Each small conversation I could recall helped fill in just a little bit more of each individual’s personality. Even though I did not know that much about them, the important thing was they were no longer strangers to me. If anything, at this moment at some ungodly hour of the morning, I was able to see past the social awkwardness of small talk and view it as a way of opening doors and creating relationships.
It’s a struggle and it can be awkward. Very few people really enjoy it, me included. But it’s important. Even if the act of small talk itself is a bit frustrating and the content of the conversations seems shallow and inconsequential, the reasoning behind it is what really counts.

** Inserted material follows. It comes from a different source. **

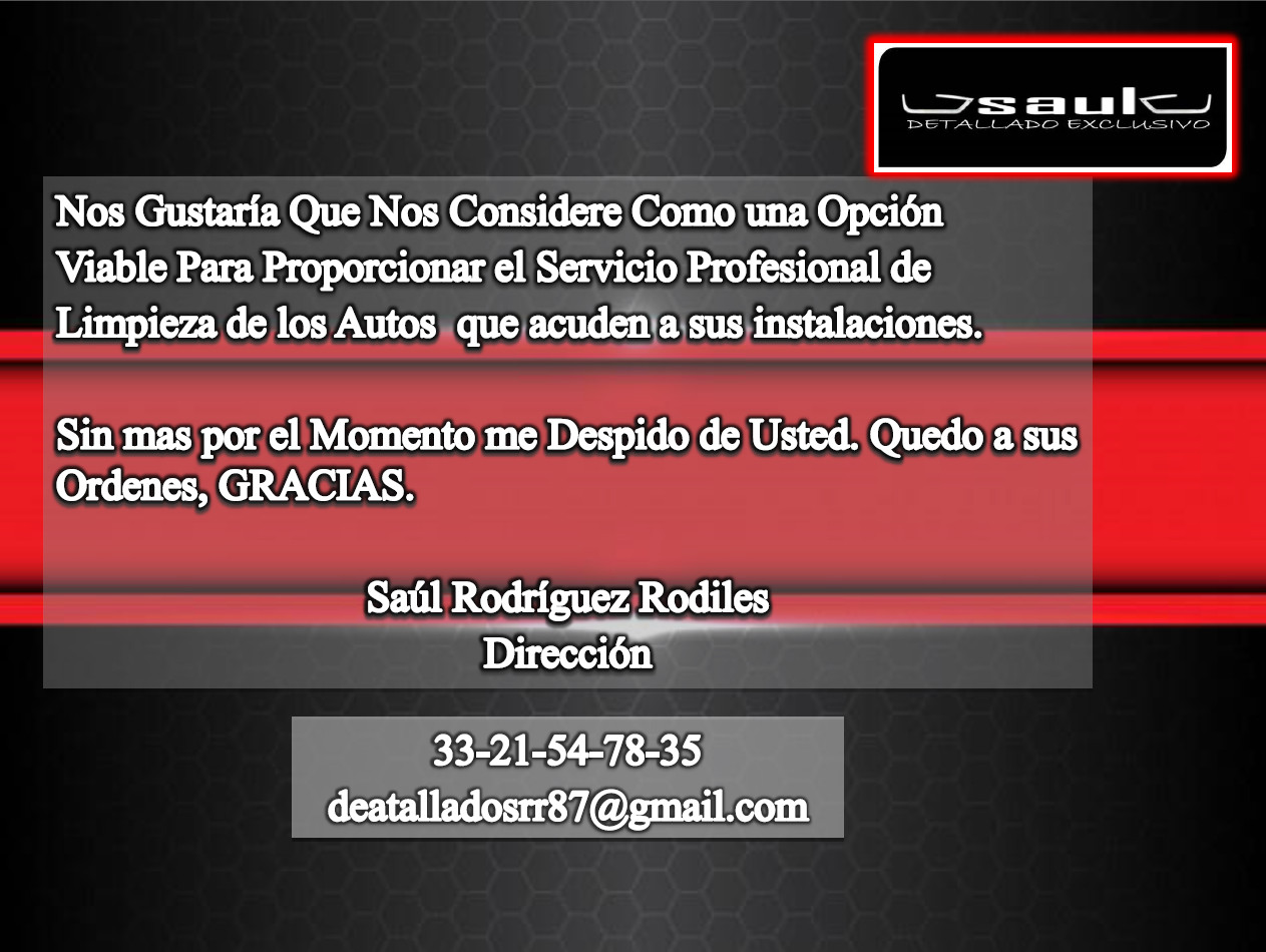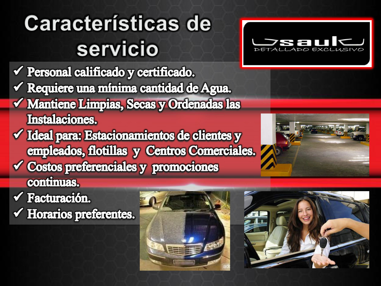 Somos una empresa Joven dedicada a proporcionar servicios PROFESIONALES de Estetica Automotriz en estacionamientos y Oficinas, Que nace con un firme proposito de sustentabilidad en pro del medio Ambiente, por lo cual ofrecemos un NUEVO Y REVOLUCIONARIO Concepto de Servicio, cubriendo asi la necesidad de Limpieza Automotriz, ahorrando tiempos y distancias, Cumpliendo ante todo con nuestro compromiso 100% Ecologico.

When people attempt small talk, it is about reaching out to someone, and trying to get to know them better. Even if you only learn a few of the things they did today or plan to do in the future. You may only learn some basic facts about them: they have x number of siblings and a dog, and they hate hot weather. These trivial details help fill in a picture of who they are, and that’s something. That’s a start.
Actually, according to a study by Andrew Steptoe of University College London, small talk may help combat isolation and loneliness as well as extend a person’s life. In a pool of 6,500 participants age 52 or older, 21.9 percent of participants considered highly socially isolated died within seven years of the study, while those who had some contact with others, even small conversations, fared much better at 12.3 percent. The study found that social contact – even if it’s not the kind born of deep emotional connection – is extremely important to living a healthy life.

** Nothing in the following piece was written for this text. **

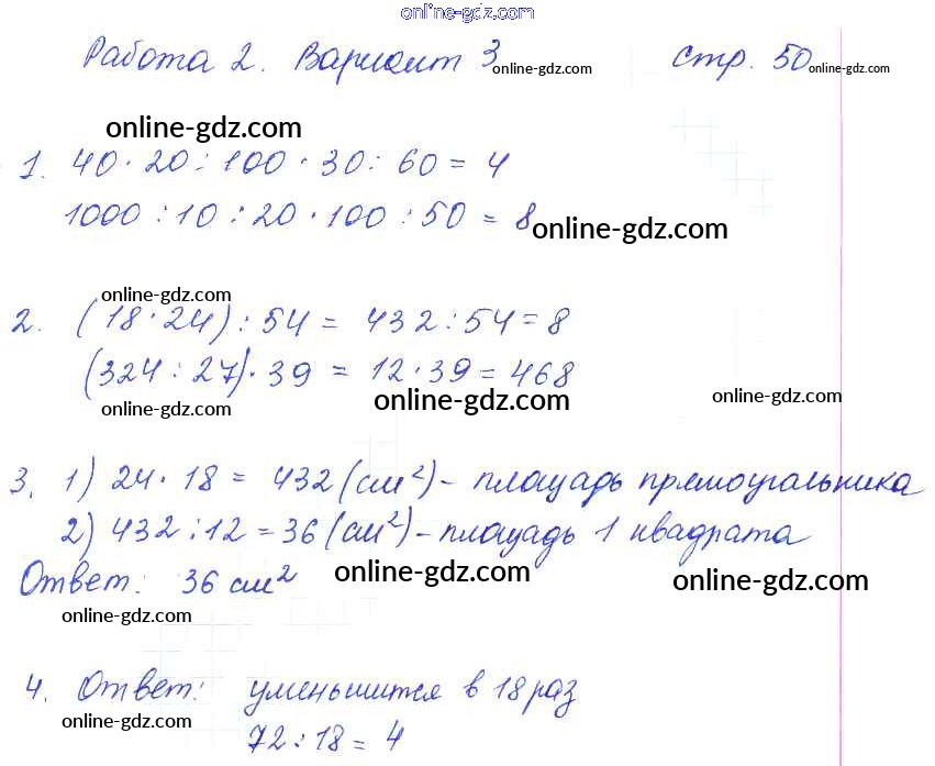 Готовые домашние задания по Математике за 3 класс Тетрадь для контрольных работ Рудницкая, Юдачева Начальная школа XXI века 2017 - Страницы 50

So small talk may not just be a short and shallow conversation that you have with people you don’t know too well just to fill the awkward silence. Talking to each other, even if it is about small things like seemingly random personal facts, shows that we have an interest in each other as people – an interest in getting to know each other so we can move past the trite nature of small talk and turn it into something deeper. Or, at the very least, it conveys an interest in being connected to one another as human beings, if only for just a few minutes.
I don’t mean to say that small talk should be lauded or embraced. I still think it is, at the very least, a bit annoying and that’s fine. But I do think we should change how we think about it as a social phenomenon; as a stepping stone to bigger things in addition to a quick way to fill the silence.
Maybe, instead of focusing on how shallow and superficial small talk can be, we might be better off embracing it and spending our time thinking of better opening lines than, “Lovely weather we’re having.”